THE week began with nervousness in the wake of the IRA bombing of Canary Wharf, but initial fears failed to be realised and the ISEQ index ended the week up slightly.
Most of the activity during the week was in the large bank stocks.
AIB results in mid week provided a focus and the bank put on 7p over the week to close at 358p a share.
Mr John Conway, food and banks analyst at Bloxham Stockbrokers, noted that AIB is closing the share price gap on Bank of Ireland.
Last week, one domestic institution was moving out of Bank of Ireland into AIB while another was moving out of AIB into Bank of Ireland, he said.
But the switch into AIB was sustained and, as a result, the share price gap has narrowed to 80p from 100p at the beginning of January.
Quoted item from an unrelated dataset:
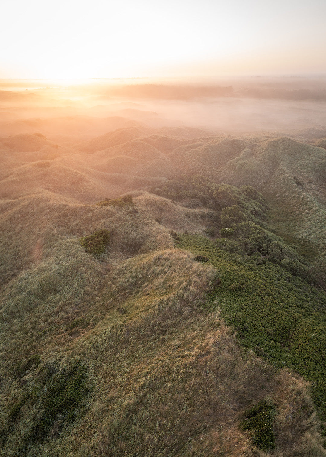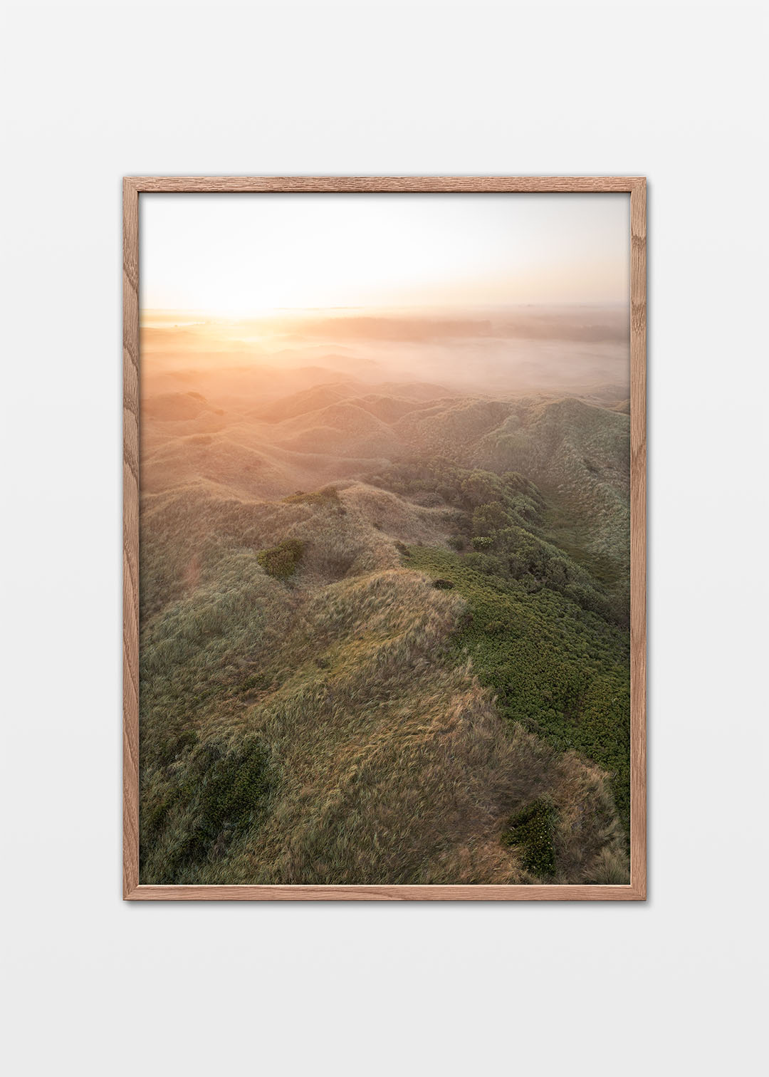 Klitter i morgenlys plakat indfanger det unikke landskab ved Blokhus set fra oven. Fotografiet viser klitternes bølgende former, oplyst af det gyldne morgenlys, som skaber en smuk kontrast mellem det grønne græs og de varmere nuancer i lyset. Motivet fanger den fredfyldte og harmoniske atmosfære, der kendetegner Danmarks nordvestkyst.

However, AIB is going ex dividend on Monday which will widen the gap to around 90p, he said. There was little activity in other financial stocks.
In the food sector, Greencore and Golden Vale have provided the main focus. Greencore closed at 565p in Dublin and 583p sterling in London, from 552p a week earlier.
"The shares have suddenly started moving after a long period in the doldrums," said Mr Conway. "It could be the market anticipating a share scrip at the end of the month."
Golden Vale weakened early in the week. However, by yesterday it had put on 5 per cent to close at 72p.
News that Kerry Co operative Society is close to reducing its 52.2 per cent stake in Kerry Group boosted the group's share price by 5p over the week to close at 520p.
The main question is whether the shares are placed locally or overseas," said Mr Conway.
"An overseas holder would be preferable but there must be a question mark over whether any oversees buyer would pay the high price/earnings ratio Kerry is on.
Kerry Group is trading at a p/e of 17 times 1996 earnings, Mr Conway said "which is very high for any food stock, particularly an Irish one".
Activity was more muted on the bond front. International bond markets were "soggy" all week and Ireland was swept up in the weakening drift from the US and Germany, said Mr Dermot Brien, economist at NCB Stockbrokers.
In addition, the Irish market was looking expensive and international players stayed away, he added.
"In the last few weeks, spread plays between Britain and Ireland and Denmark have boosted liquidity," said Mr O'Brien. "The market will have to cheapen up a little, before we see a return to that.
Participants are also nervous as yields are around the levels last seen towards the end of 1993, just before global bond markets lost substantial amounts.
Mr O'Brien is confident that the different economic situation this time, with low inflation in the US and Europe, should stave off another fall. But, nevertheless, bad memories persist, he said.